DATA>
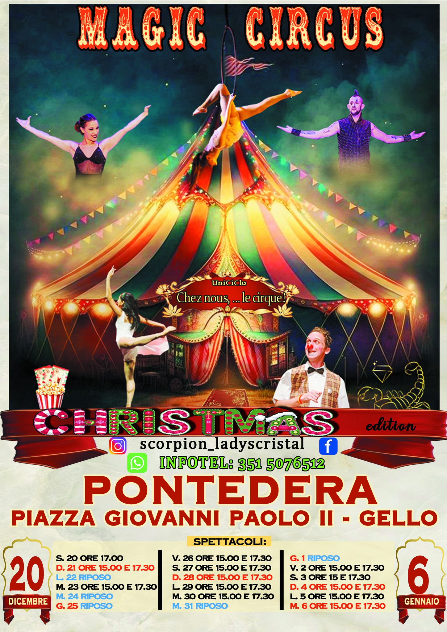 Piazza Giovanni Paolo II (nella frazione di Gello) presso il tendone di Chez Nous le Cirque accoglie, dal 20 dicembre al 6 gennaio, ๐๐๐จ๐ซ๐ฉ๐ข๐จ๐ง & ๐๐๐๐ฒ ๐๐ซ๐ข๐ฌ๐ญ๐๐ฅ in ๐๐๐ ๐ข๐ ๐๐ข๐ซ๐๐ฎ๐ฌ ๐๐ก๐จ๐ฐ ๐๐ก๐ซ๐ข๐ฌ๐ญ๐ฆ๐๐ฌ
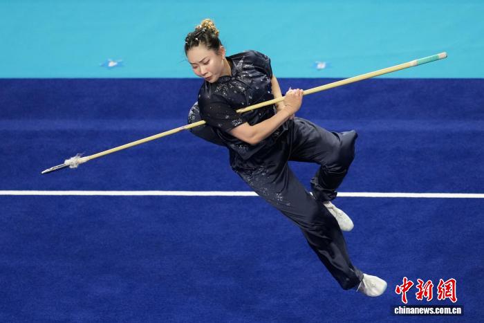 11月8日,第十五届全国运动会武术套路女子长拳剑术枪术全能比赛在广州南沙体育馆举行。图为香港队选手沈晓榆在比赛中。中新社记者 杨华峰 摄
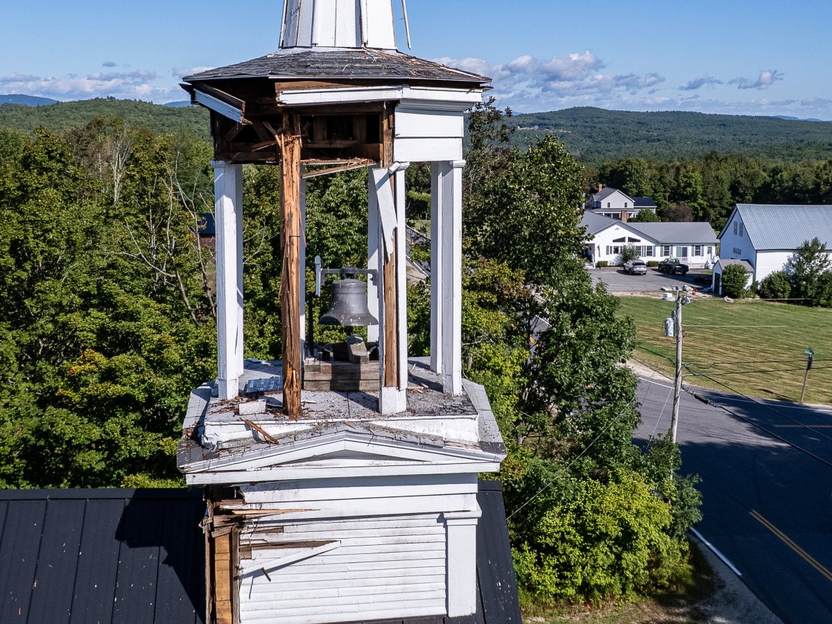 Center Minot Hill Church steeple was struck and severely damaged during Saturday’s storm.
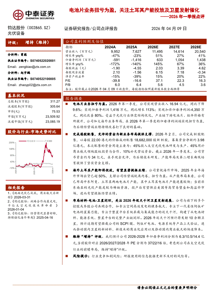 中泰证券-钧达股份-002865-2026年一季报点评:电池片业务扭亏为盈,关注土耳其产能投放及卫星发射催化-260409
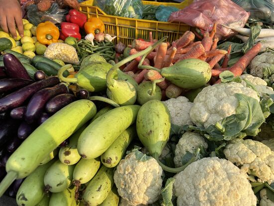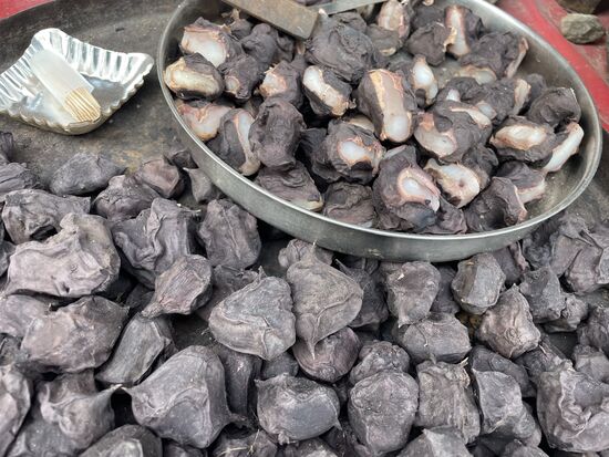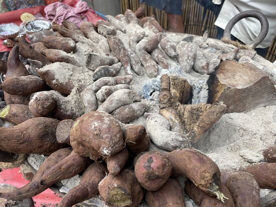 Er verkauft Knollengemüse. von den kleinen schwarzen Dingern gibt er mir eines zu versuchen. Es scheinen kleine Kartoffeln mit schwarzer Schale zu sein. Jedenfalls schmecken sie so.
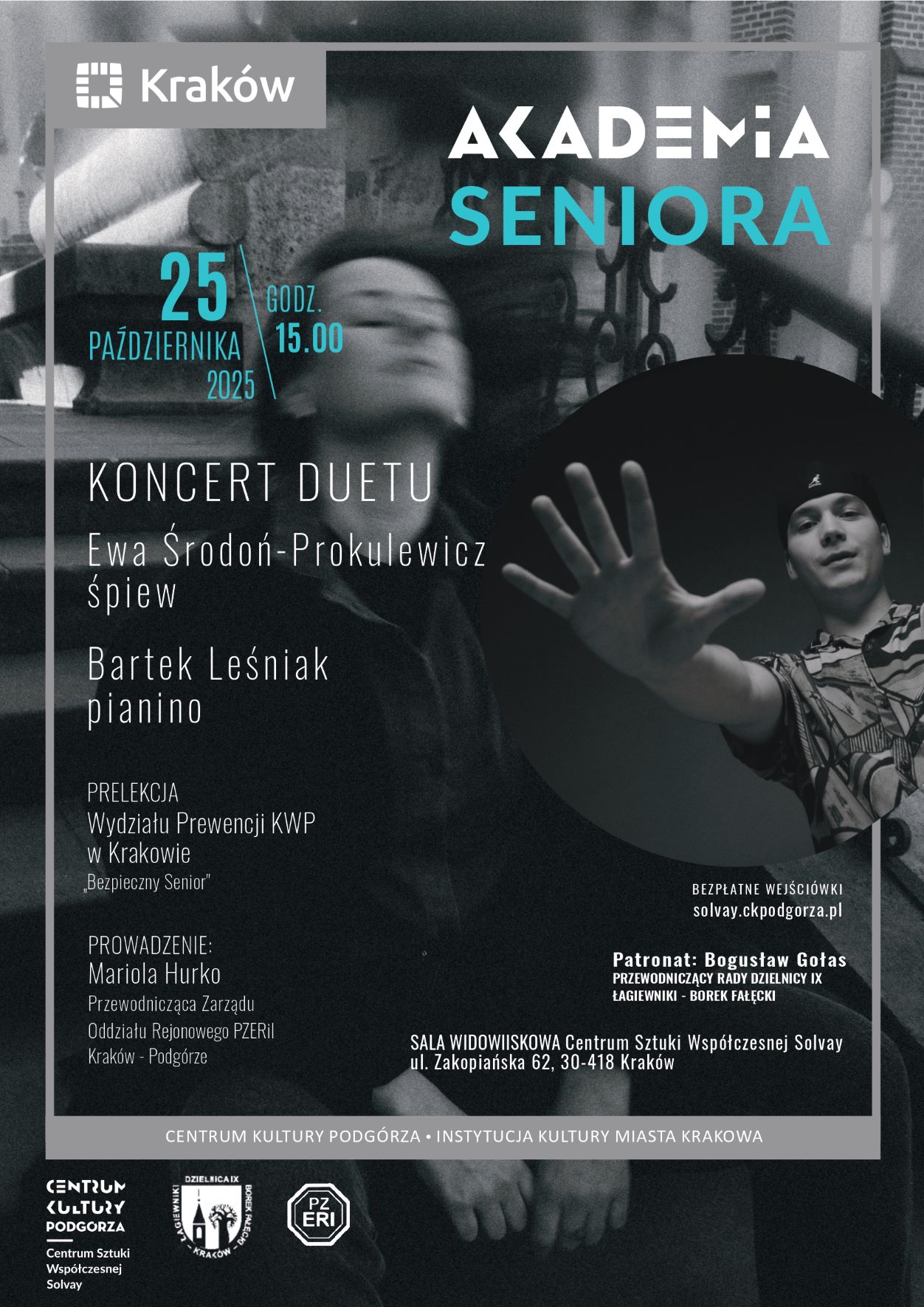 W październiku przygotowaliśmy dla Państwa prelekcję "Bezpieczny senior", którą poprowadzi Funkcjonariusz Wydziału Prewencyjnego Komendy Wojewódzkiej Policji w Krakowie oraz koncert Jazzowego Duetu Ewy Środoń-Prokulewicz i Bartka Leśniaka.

EXERCISE DETAILS>
Leave out the pictures and transcribe the entries above exactly.

RESULT BELOW>
 Piazza Giovanni Paolo II (nella frazione di Gello) presso il tendone di Chez Nous le Cirque accoglie, dal 20 dicembre al 6 gennaio, ๐๐๐จ๐ซ๐ฉ๐ข๐จ๐ง & ๐๐๐๐ฒ ๐๐ซ๐ข๐ฌ๐ญ๐๐ฅ in ๐๐๐ ๐ข๐ ๐๐ข๐ซ๐๐ฎ๐ฌ ๐๐ก๐จ๐ฐ ๐๐ก๐ซ๐ข๐ฌ๐ญ๐ฆ๐๐ฌ
 11月8日,第十五届全国运动会武术套路女子长拳剑术枪术全能比赛在广州南沙体育馆举行。图为香港队选手沈晓榆在比赛中。中新社记者 杨华峰 摄
 Center Minot Hill Church steeple was struck and severely damaged during Saturday’s storm.
 中泰证券-钧达股份-002865-2026年一季报点评:电池片业务扭亏为盈,关注土耳其产能投放及卫星发射催化-260409
 Er verkauft Knollengemüse. von den kleinen schwarzen Dingern gibt er mir eines zu versuchen. Es scheinen kleine Kartoffeln mit schwarzer Schale zu sein. Jedenfalls schmecken sie so.
 W październiku przygotowaliśmy dla Państwa prelekcję "Bezpieczny senior", którą poprowadzi Funkcjonariusz Wydziału Prewencyjnego Komendy Wojewódzkiej Policji w Krakowie oraz koncert Jazzowego Duetu Ewy Środoń-Prokulewicz i Bartka Leśniaka.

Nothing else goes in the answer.